You'll need to prepare your local filesystem by cloning the github repository for iCLIP and loading Snakemake. A tutorial is available for local users.
- Clone the github repository to your local filesystem.
# Clone Repository from Github
git clone https://github.com/RBL-NCI/RBL_RBL3.git
# Change your working directory to the RBL3 repo
cd RBL_RBL3/
- Please make sure that snakemake>=5.19 is in your $PATH. If you are in Biowulf, please load the following environment module:
# Recommend running snakemake>=5.19
module load snakemake
There is config requirements for this pipeline, that must be found in the /path/to/RBL3/config directory. These files are:
- snakemake_config.yaml - this file will contain directory paths and user parameters for analysis;
- source_dir: path to snakemake file, within the cloned RBL3 repository; example: '/path/to/RBL3/'
- out_dir: path to created output directory, where output will be stored; example: '/path/to/output/'
- sample_manifest: path to multiplex manifest (see specific details below; example:'/path/to/sample_manifest.tsv'
- deg_manifest: path to DEG manifest (see specific details below; example: '/path/to/DEG_manifest.tsv'
- fastq_dir: path to gzipped multiplexed fastq files; example: '/path/to/raw/fastq/files'
- masked_reference: "Y" #if a masked reference file (identified below) should be used indicate "Y"
- clean_transcripts: "Y" #if Y Transcriptclean will be run - read feature info in documentation
- annotation_id: annotation ID used with project; example 'SIRV_annot'
- build_id: annotation build id; example 'hg38'
- platform_id: platform used for sequencing; example 'Illumina'
- maxFracA: decimal value indicating the maximum percent of A's in the 20bp interval after alignment in a transcript; default 0.5
- minCount: numeric value indicating the minimum number of transcripts that must be detected in replicates, when applicable; default 2
- minDatasets:
- primer_length: match the length of the T sequence in your primer, default [20]
- percent_similarity: lowest percentage of A in the 20bp interval after alignment default [20]
- annotation_gtf: path to annotation gtf file; default /data/CCBR/projects/rbl3/dependencies/gencode.v30.annotation.gtf
- annotation_gff: path to annotation gff3 file; default /data/CCBR/projects/rbl3/dependencies/Homo_sapiens_GRCh38_Ensembl_86.gff3
- annotation_fa: path to annotation fa file; default /data/CCBR/projects/rbl3/dependencies/hg38_cleanheader.fa
There are two manifest requirements for this pipeline, with paths identified in the snakemake_config.yaml file (#2) above.

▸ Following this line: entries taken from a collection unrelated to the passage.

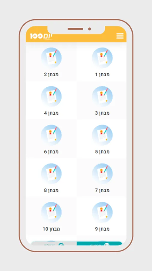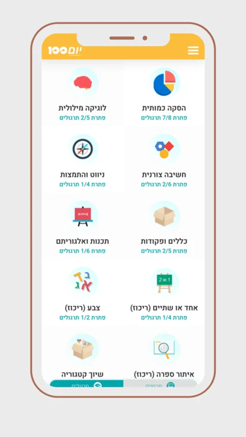 באפליקציית יום100 תוכלו לתרגל את הנושאים השונים שמופיעים במבחנים ביום המא"ה ולבצע מבחנים. התרגולים הם מגוונים בדומה למיונים ביום המא"ה והם כוללים בתוכם: הסקה כמותית, לוגיקה מילולית, חשיבה צורנית, הבנה טכנית, ניווט והתמצאות, פקודות וכללים, תכנות ואלגוריתם, ריכוז, דיוק, מהירות תגובה, אסטרטגיה.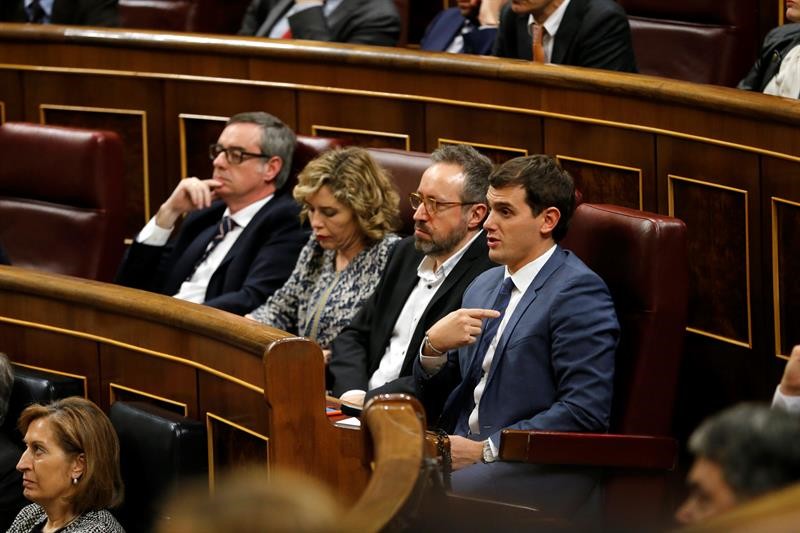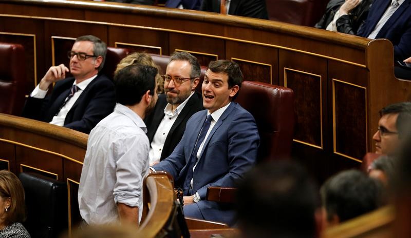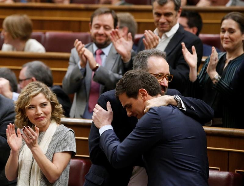 El presidente de Ciudadanos, Albert Rivera, es felicitado por el diputado de su formación Juan Carlos Girauta, tras su discurso, en presencia de la diputada de Ciudadanos Marta Mretín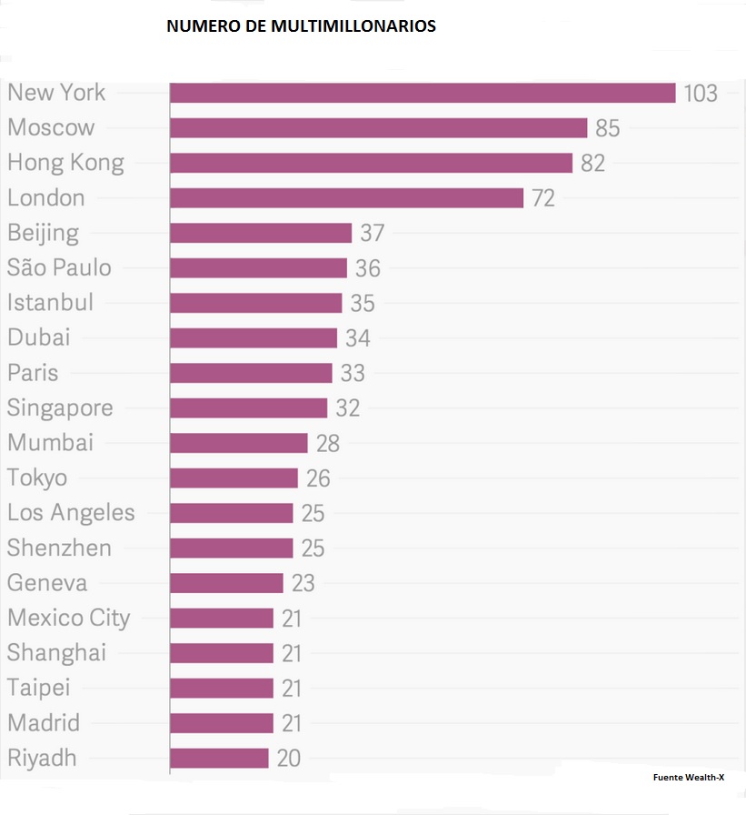 Si se trata de ciudades, y como era de esperar, los más ricos buscan vivir cerca de los centros financieros mundiales más importantes. De hecho el 35% de todos los multimillonarios viven repartidos entre las 20 ciudades más populares del mundo; el 15% se reparten entre cuatro ciudades Nueva York, Moscú, Hong Kong y Londres.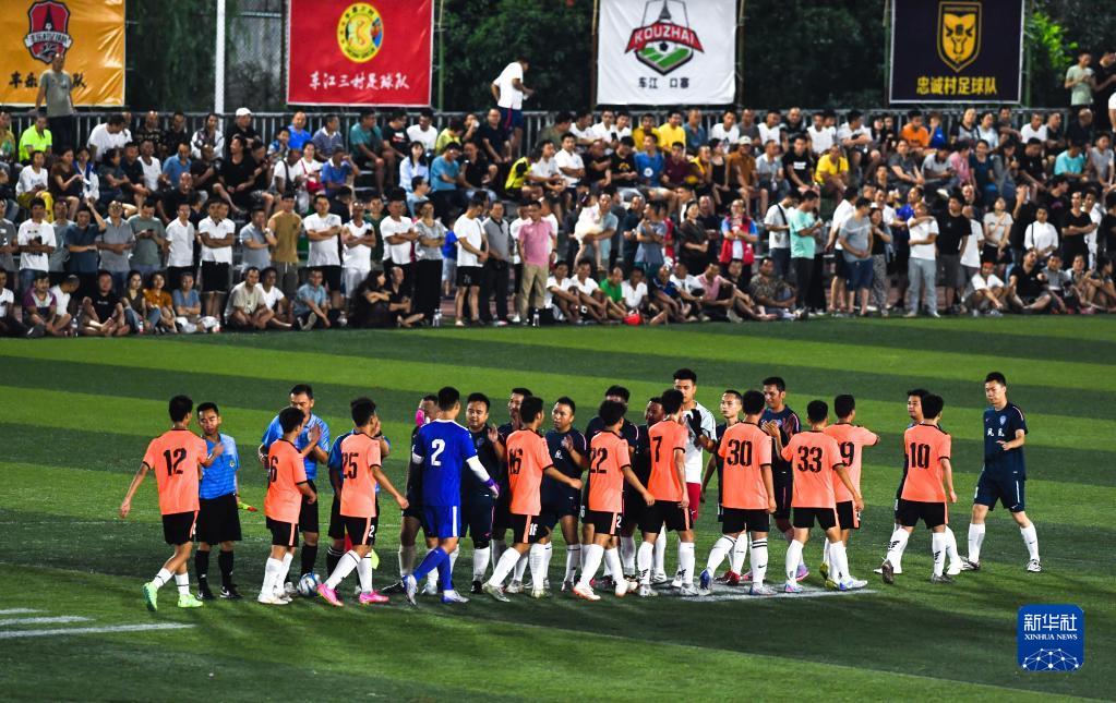 6月9日,鳳凰村足球隊與新中村足球隊在比賽結束后相互擊掌致意。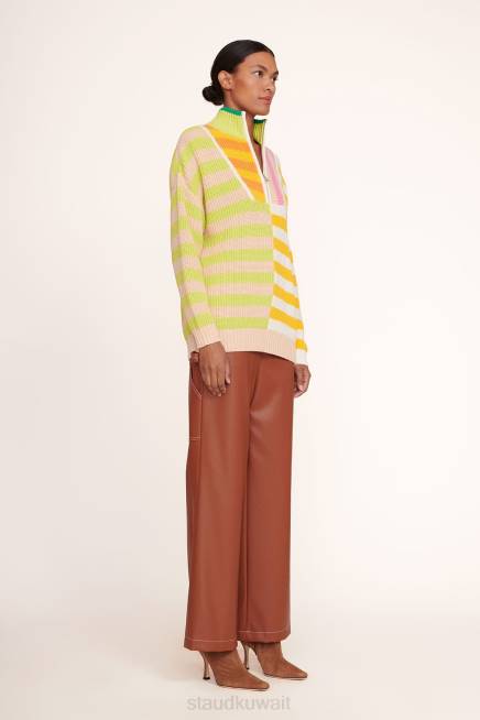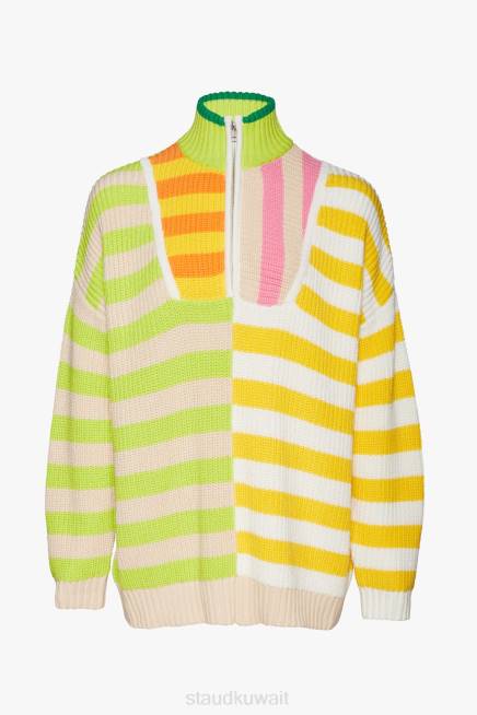كنزة الهامبتون السميكة المصنوعة من القطن المحبوك هي سترة كبيرة الحجم على طراز صديقها بنمط شريطي مشرق وملون. يتميز هذا النمط بتفاصيل نصف مضغوطة في المقدمة. P>

These files are:
-
samples_manifest.tsv - this manifest will include metadata information for each sample, and map input files to their sample ids
- filename: the fastq file name without an extension. example: 'barcode01' for a sample with the input barcode01.fastq
- sampleid: the final sample name; this column must be unique. example: 'wt'
- groupid: the groupid for samples, which may or may not be unique values. NOTE: underscores cannot be used. example: 'ko.drosha'
- batchid: the batchid for each sample. example: 'b1'
An example sample.tsv file (note tabs separate each column): filename sampleid groupid batchid barcode01 wt wt b1 barcode02 ko.drosha ko.drosha b1 barcode03 ko.dicer ko.dicer b1
-
deg_manifest.tsv - this manifest will include information on which samples to compare
- group1 / group2: each column must be a groupid found in the samples_manifest.tsv. Comparisons are only done between two groups of samples.
An example deg_manifest.tsv file (note tabs separate each column): group1 group2 wt ko.dicer wt ko.drosha
- Dry-Run
sh run_snakemake.sh dry-run
- Execute pipeline on the cluster
sh run_snakemake.sh cluster
- Execute pipeline locally
sh run_snakemake.sh local
- Unlock directory (after failed partial run)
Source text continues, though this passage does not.